═════ DATA PROVIDED ═════
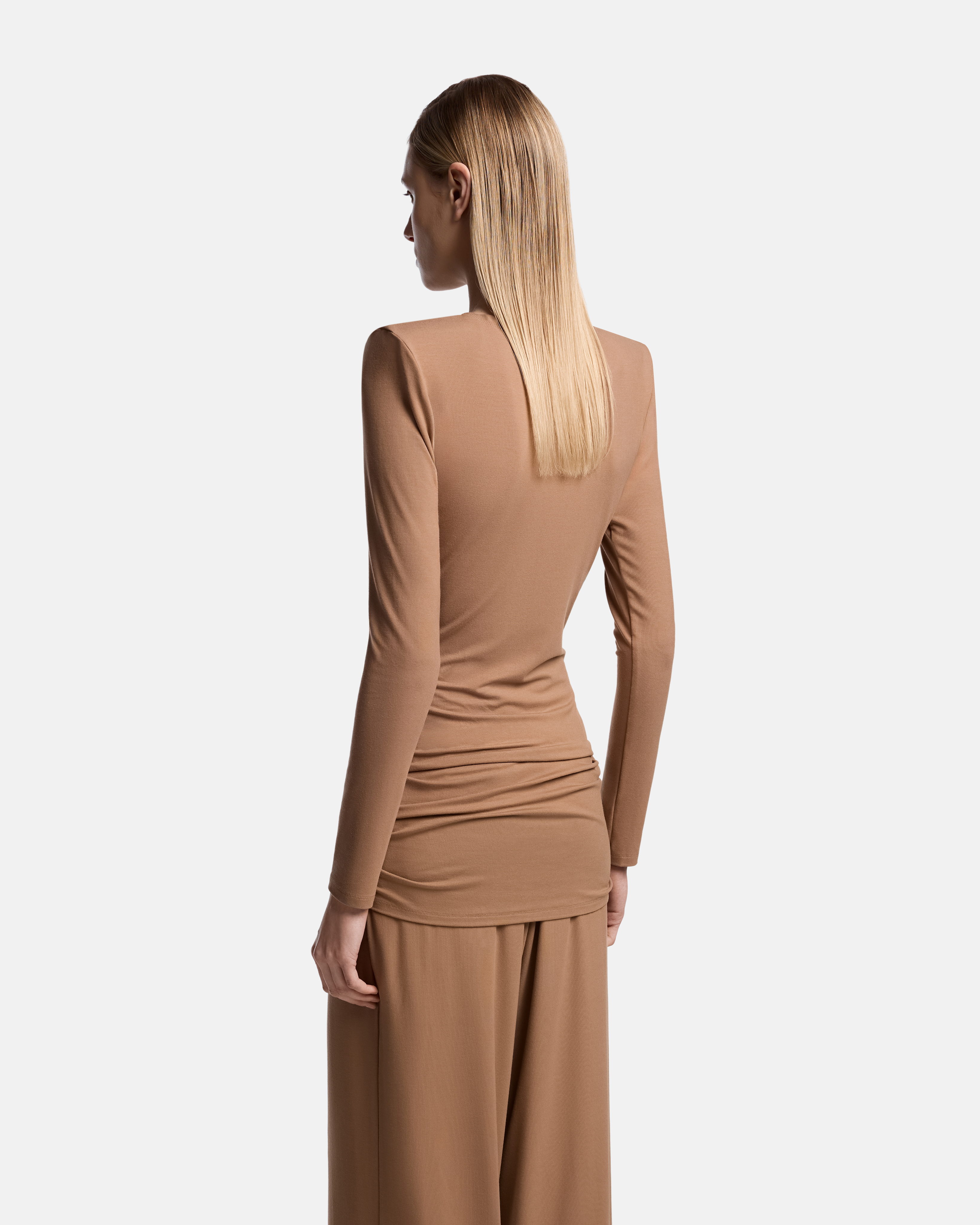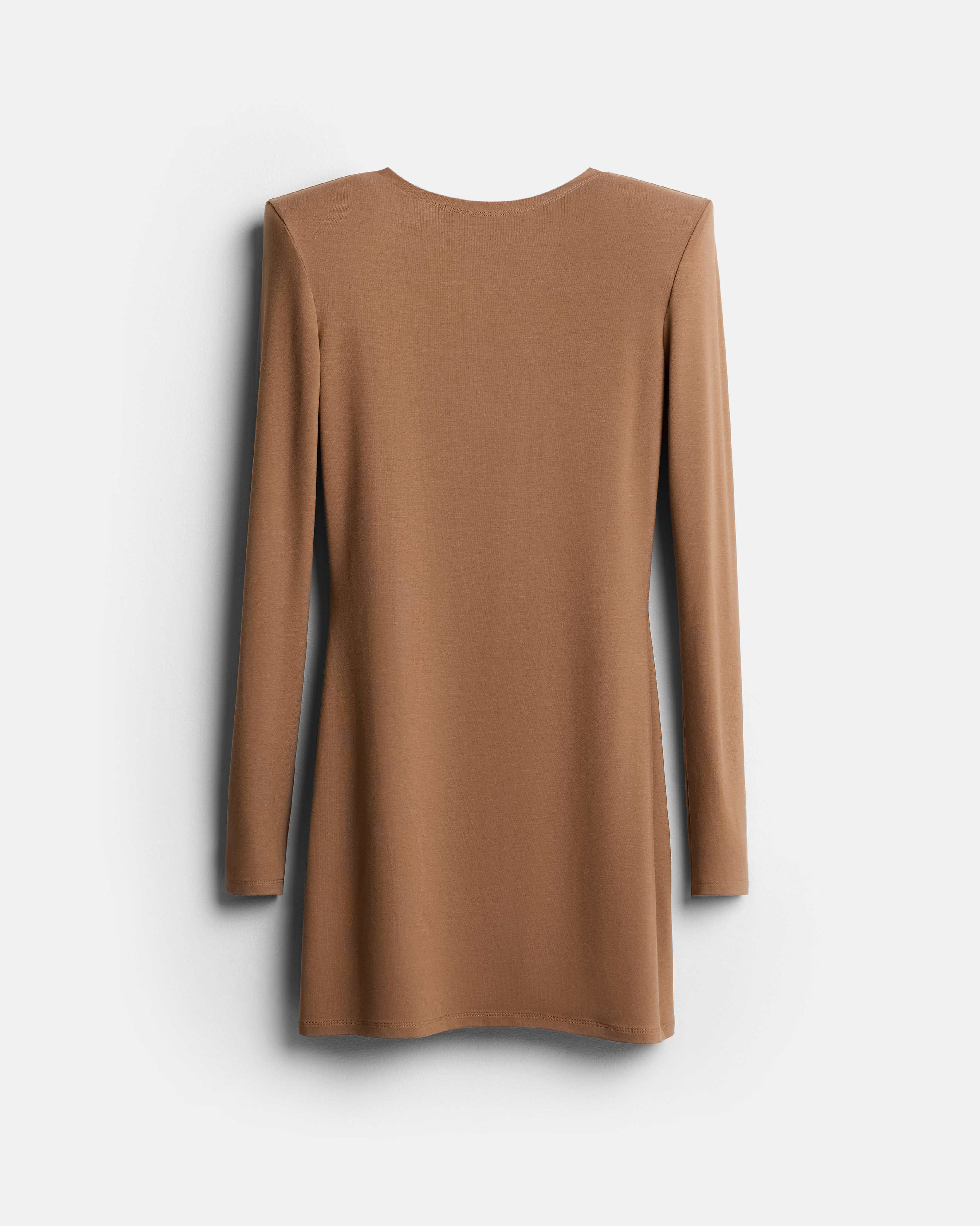Платье-лонгслив из эластичного вискозного трикотажа. Материал мягкий, тонкий и комфортный, плотно прилегает к телу и формирует собранный силуэт.
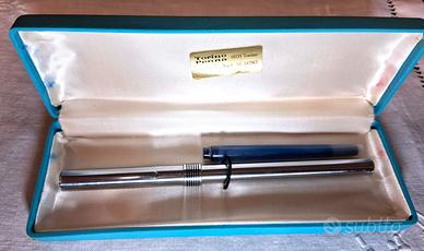 1-Penna stilografica Aurora in acciaio. Caricamento a cartuccia. Custodia originale turchese 15,7 x 5,7 cm.
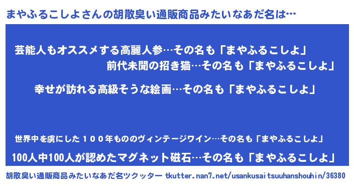 | 意味不明あだ名 | 『まやふるこしよフォーエバー』 |
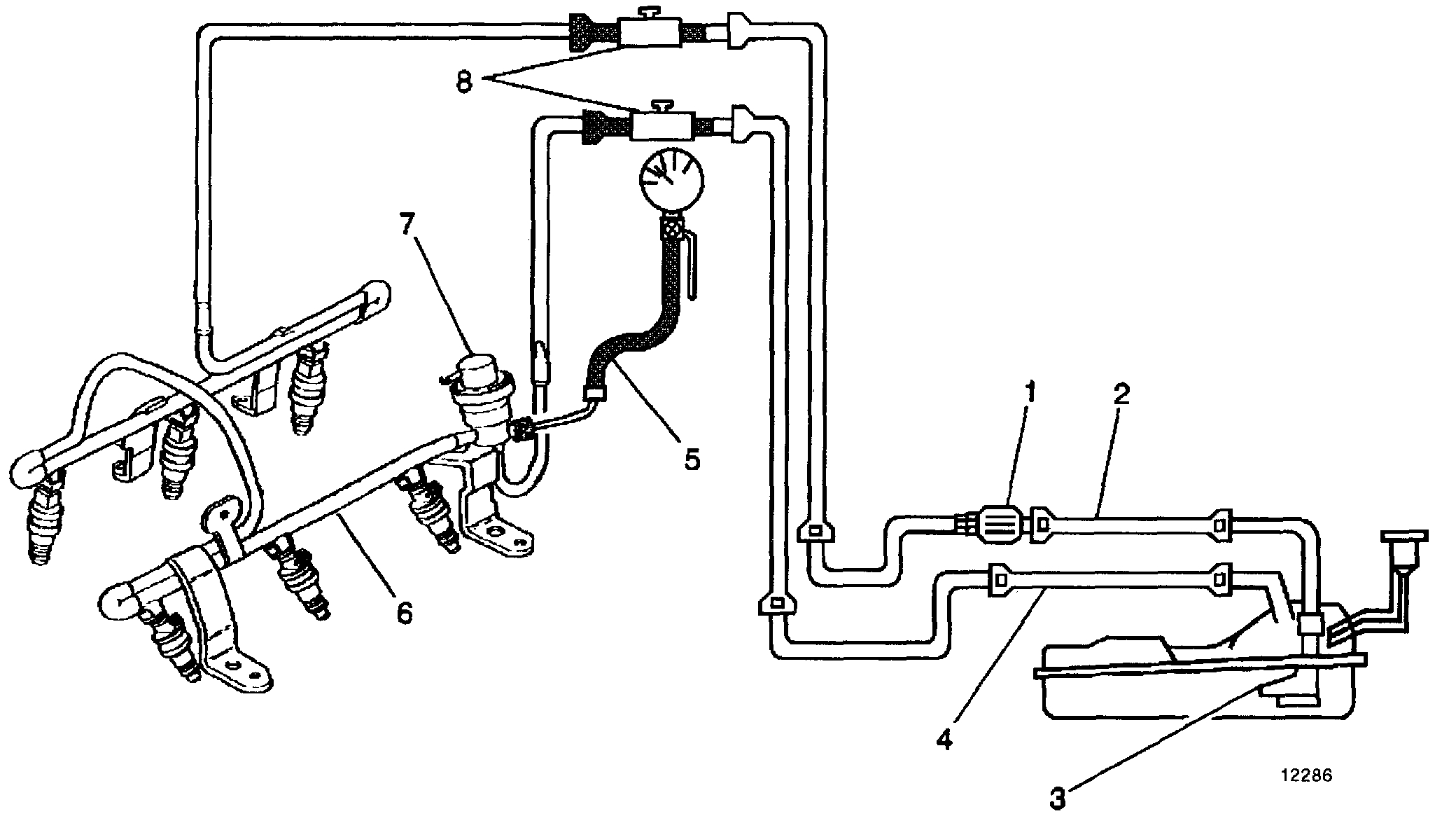 When the ignition switch is turned ON, the Powertrain Control Module (PCM) will turn ON the in-tank fuel pump. The in-tank fuel pump will remain ON as long as the engine is cranking or running and the PCM is receiving reference pulses. If there are no reference pulses, the PCM will turn the in-tank fuel pump OFF 2 seconds after the ignition switch is turned ON or 2 seconds after the engine stops running. The in-tank fuel pump is an electric pump, attached to the Fuel Sender Assembly. The in-tank fuel pump (3) supplies fuel through the fuel feed pipe (2), and in-line fuel filter (1) to the Fuel flail Assembly (6). The fuel pump is designed to provide fuel at a pressure above the pressure needed by the fuel injectors. A fuel pressure regulator (7), attached to the Fuel Rail, keeps the fuel available to the fuel injectors at a regulated pressure. Unused fuel is returned to the fuel tank by a separate fuel return pipe (4). The fuel pressure gauge J 34730-1A(5) and fuel pipe shut off adapters J 37287(8) are used for fuel system diagnosis.
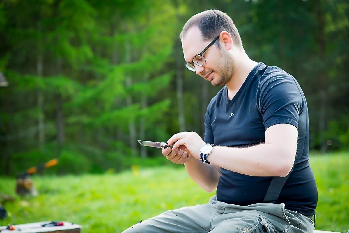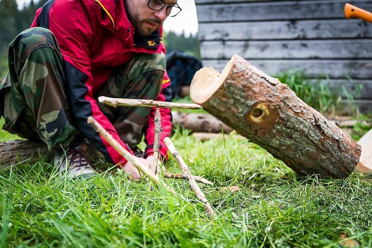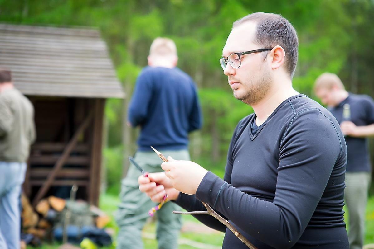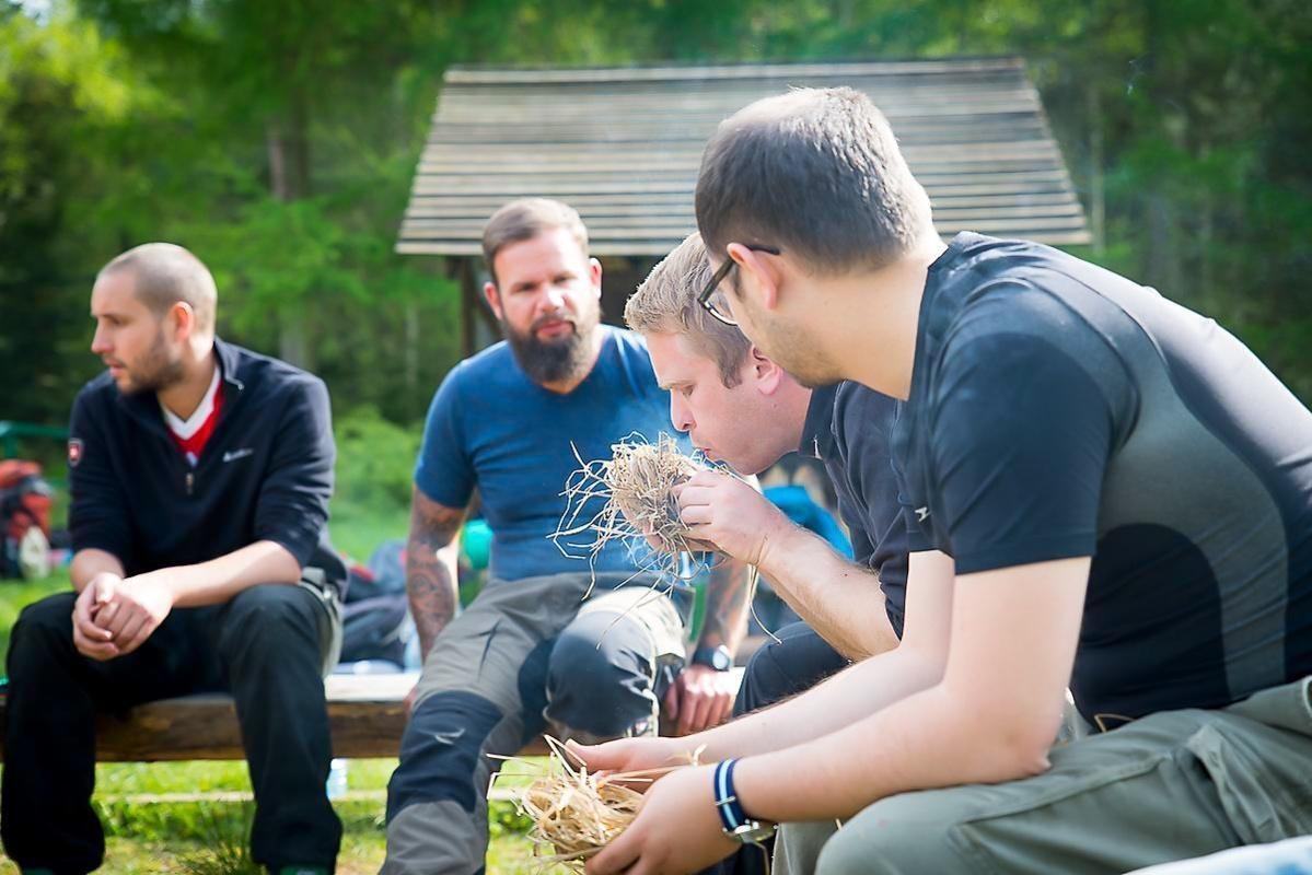 Ein weiterer wichtiger Bestandteil des Trainings war das sichere Arbeiten mit dem Messer, insbesondere beim Schnitzen. Die Teilnehmer lernten, wie sie Holzstücke bearbeiten können, um nützliche Werkzeuge und Unterstände herzustellen. Diese Fähigkeiten wurden in praktischen Übungen vertieft, bei denen die Teilnehmer unter Anleitung Techniken zur sicheren Handhabung von Messern erprobten. Durch das gemeinsame Arbeiten an Holzstücken konnten sie nicht nur ihre Fertigkeiten verbessern, sondern auch Teamarbeit und Kommunikation stärken.
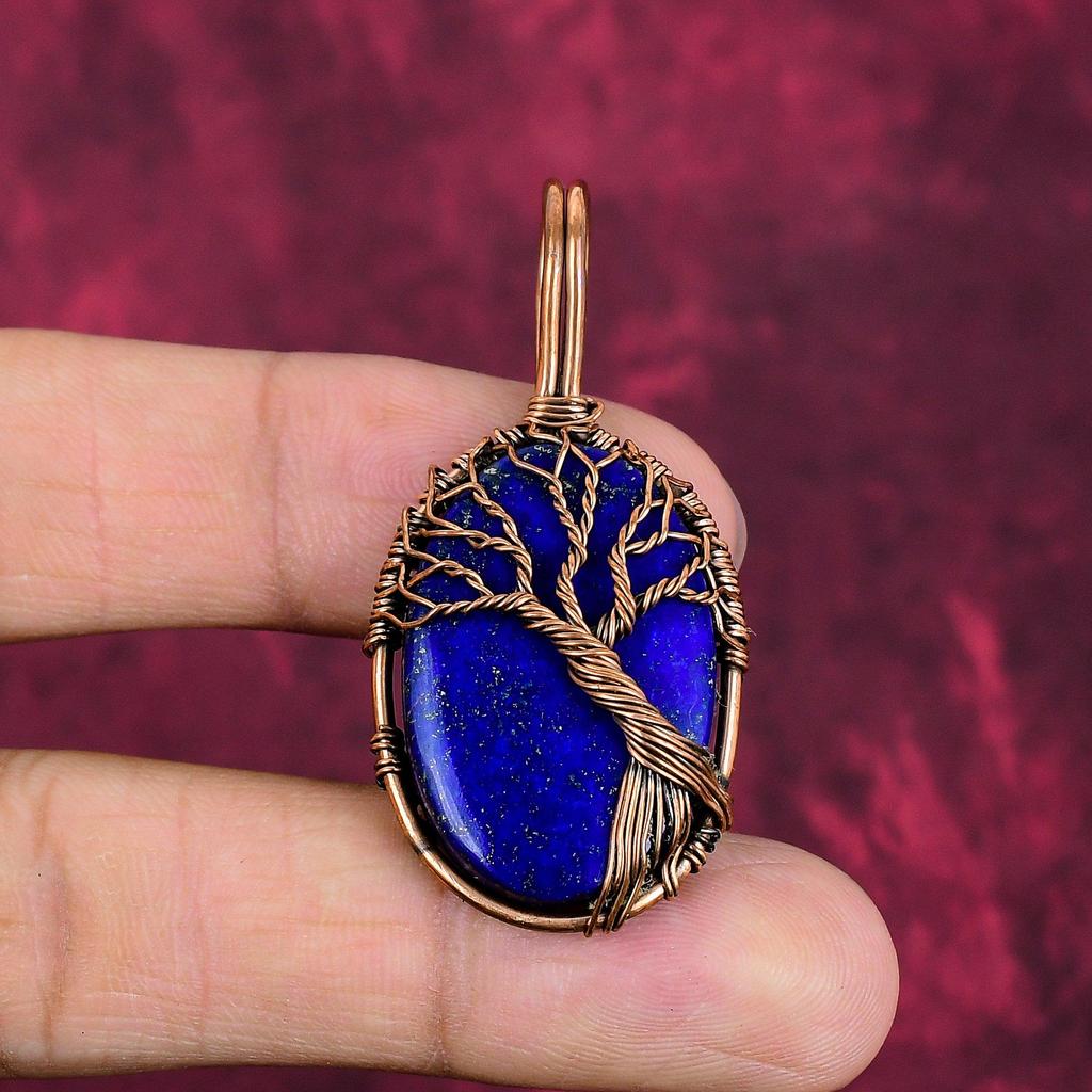 Tree Of Life Lapis Lazuli Gemstone Pendant Copper Wire Wrapped Handmade Jewelry
═════
Print exactly the lines from the first line of the records above through the line containing "1-Penna stilografica Aurora", leaving out the pictures.

Платье-лонгслив из эластичного вискозного трикотажа. Материал мягкий, тонкий и комфортный, плотно прилегает к телу и формирует собранный силуэт.
 1-Penna stilografica Aurora in acciaio. Caricamento a cartuccia. Custodia originale turchese 15,7 x 5,7 cm.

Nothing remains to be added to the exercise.